- _Aim of the task_:
All that should be output is the block of lines below from the line with "Both bedrooms are" to the line with "Выделенная парковка для", both included, exactly as written.

** Task inputs follows **

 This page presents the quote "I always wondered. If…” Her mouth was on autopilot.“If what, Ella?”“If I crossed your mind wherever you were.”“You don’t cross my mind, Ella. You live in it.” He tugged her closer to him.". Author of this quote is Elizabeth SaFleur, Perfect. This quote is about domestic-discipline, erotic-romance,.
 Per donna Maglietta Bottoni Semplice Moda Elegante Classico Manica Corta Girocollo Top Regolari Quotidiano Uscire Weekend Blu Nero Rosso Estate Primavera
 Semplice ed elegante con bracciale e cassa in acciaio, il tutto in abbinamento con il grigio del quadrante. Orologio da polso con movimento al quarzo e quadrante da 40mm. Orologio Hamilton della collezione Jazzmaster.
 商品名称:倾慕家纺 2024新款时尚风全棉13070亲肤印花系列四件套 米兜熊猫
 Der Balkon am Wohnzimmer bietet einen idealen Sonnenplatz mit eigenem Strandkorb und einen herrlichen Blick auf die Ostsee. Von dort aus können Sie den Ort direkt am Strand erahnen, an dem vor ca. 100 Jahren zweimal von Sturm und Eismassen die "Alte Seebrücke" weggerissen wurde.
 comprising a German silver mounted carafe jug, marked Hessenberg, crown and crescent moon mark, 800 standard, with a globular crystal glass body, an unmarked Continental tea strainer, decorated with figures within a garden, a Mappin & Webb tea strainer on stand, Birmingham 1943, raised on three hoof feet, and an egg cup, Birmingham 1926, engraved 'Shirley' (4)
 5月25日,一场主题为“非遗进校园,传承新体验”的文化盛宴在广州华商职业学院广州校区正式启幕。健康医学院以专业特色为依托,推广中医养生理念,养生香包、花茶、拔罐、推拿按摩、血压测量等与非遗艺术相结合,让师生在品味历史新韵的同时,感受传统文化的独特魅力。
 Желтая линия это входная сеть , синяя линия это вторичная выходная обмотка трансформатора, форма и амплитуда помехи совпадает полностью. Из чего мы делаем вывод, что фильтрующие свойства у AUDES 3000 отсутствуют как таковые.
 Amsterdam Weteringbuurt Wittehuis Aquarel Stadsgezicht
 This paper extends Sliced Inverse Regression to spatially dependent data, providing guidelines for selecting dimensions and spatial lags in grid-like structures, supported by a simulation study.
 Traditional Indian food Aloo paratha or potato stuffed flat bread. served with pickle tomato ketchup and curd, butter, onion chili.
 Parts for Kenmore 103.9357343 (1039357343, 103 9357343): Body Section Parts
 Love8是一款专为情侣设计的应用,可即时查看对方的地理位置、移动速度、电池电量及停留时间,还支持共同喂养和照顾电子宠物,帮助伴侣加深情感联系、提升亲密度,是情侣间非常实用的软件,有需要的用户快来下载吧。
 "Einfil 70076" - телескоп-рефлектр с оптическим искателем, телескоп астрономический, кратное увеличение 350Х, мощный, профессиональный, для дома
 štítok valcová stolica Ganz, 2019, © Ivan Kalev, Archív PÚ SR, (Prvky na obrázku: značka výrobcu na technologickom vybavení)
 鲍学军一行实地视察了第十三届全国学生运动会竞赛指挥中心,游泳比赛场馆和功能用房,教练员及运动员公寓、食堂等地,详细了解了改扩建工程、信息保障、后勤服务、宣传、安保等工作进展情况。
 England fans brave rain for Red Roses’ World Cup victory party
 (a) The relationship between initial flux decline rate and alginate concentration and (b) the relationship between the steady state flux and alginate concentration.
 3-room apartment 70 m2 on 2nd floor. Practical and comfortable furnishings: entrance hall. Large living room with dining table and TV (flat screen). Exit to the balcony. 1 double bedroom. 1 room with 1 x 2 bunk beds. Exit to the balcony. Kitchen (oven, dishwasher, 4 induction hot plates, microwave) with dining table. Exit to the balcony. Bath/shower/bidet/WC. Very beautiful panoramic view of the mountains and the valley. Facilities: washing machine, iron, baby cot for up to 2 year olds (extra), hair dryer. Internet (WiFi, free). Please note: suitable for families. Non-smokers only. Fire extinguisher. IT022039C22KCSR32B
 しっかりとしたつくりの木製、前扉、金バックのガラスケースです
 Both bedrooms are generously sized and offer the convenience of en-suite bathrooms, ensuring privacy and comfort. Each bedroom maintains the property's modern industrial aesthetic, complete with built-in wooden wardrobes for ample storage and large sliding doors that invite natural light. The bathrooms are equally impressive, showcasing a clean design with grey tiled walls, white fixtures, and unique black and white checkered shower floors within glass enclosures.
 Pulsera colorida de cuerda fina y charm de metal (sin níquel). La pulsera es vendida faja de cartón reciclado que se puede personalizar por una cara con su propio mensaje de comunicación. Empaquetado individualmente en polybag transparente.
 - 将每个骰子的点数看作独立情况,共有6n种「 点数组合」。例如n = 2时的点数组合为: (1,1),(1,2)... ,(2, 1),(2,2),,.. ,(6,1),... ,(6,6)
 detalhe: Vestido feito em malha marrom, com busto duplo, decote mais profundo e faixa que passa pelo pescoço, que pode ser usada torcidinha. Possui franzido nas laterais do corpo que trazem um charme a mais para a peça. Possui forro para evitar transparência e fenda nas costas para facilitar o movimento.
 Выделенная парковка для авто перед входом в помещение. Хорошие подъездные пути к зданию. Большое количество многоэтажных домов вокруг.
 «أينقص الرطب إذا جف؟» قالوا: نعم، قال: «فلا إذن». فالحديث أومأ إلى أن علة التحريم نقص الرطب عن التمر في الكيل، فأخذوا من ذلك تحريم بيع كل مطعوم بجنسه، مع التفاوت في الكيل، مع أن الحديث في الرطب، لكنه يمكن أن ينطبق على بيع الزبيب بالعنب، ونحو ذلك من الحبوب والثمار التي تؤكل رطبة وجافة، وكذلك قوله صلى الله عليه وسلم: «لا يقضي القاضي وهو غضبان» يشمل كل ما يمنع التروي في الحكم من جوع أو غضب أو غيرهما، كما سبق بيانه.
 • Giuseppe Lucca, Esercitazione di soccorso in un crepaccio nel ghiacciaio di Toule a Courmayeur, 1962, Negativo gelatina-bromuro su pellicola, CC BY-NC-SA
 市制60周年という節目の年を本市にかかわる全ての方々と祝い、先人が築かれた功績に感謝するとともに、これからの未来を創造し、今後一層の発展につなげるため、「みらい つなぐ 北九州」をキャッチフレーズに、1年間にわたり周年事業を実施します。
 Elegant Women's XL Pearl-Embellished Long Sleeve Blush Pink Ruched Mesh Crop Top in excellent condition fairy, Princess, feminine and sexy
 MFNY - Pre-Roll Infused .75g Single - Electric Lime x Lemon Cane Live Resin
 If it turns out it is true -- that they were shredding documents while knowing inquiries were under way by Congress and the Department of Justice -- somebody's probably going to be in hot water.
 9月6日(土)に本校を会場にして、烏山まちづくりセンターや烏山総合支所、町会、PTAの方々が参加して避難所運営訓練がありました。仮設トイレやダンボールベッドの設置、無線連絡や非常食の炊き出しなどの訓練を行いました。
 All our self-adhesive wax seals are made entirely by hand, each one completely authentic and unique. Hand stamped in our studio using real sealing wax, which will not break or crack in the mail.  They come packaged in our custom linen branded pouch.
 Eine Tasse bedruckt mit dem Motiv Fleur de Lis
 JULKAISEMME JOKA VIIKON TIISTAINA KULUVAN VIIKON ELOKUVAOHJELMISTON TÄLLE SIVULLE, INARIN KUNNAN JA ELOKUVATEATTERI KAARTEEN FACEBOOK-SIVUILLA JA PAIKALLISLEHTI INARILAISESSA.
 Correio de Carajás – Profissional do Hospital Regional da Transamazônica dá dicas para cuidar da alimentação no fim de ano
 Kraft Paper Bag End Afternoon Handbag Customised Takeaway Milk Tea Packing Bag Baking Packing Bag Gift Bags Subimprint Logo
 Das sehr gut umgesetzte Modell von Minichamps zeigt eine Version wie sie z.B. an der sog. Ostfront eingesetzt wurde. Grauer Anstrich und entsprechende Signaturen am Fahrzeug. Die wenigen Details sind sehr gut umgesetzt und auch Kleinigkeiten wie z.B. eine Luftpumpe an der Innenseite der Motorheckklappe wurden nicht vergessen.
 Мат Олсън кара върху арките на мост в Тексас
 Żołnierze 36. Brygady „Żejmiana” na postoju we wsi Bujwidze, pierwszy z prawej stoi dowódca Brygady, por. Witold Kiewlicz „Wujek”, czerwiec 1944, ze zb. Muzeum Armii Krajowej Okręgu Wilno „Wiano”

** End of Task inputs **

- _Result of the exercise_:
 Both bedrooms are generously sized and offer the convenience of en-suite bathrooms, ensuring privacy and comfort. Each bedroom maintains the property's modern industrial aesthetic, complete with built-in wooden wardrobes for ample storage and large sliding doors that invite natural light. The bathrooms are equally impressive, showcasing a clean design with grey tiled walls, white fixtures, and unique black and white checkered shower floors within glass enclosures.
 Pulsera colorida de cuerda fina y charm de metal (sin níquel). La pulsera es vendida faja de cartón reciclado que se puede personalizar por una cara con su propio mensaje de comunicación. Empaquetado individualmente en polybag transparente.
 - 将每个骰子的点数看作独立情况,共有6n种「 点数组合」。例如n = 2时的点数组合为: (1,1),(1,2)... ,(2, 1),(2,2),,.. ,(6,1),... ,(6,6)
 detalhe: Vestido feito em malha marrom, com busto duplo, decote mais profundo e faixa que passa pelo pescoço, que pode ser usada torcidinha. Possui franzido nas laterais do corpo que trazem um charme a mais para a peça. Possui forro para evitar transparência e fenda nas costas para facilitar o movimento.
 Выделенная парковка для авто перед входом в помещение. Хорошие подъездные пути к зданию. Большое количество многоэтажных домов вокруг.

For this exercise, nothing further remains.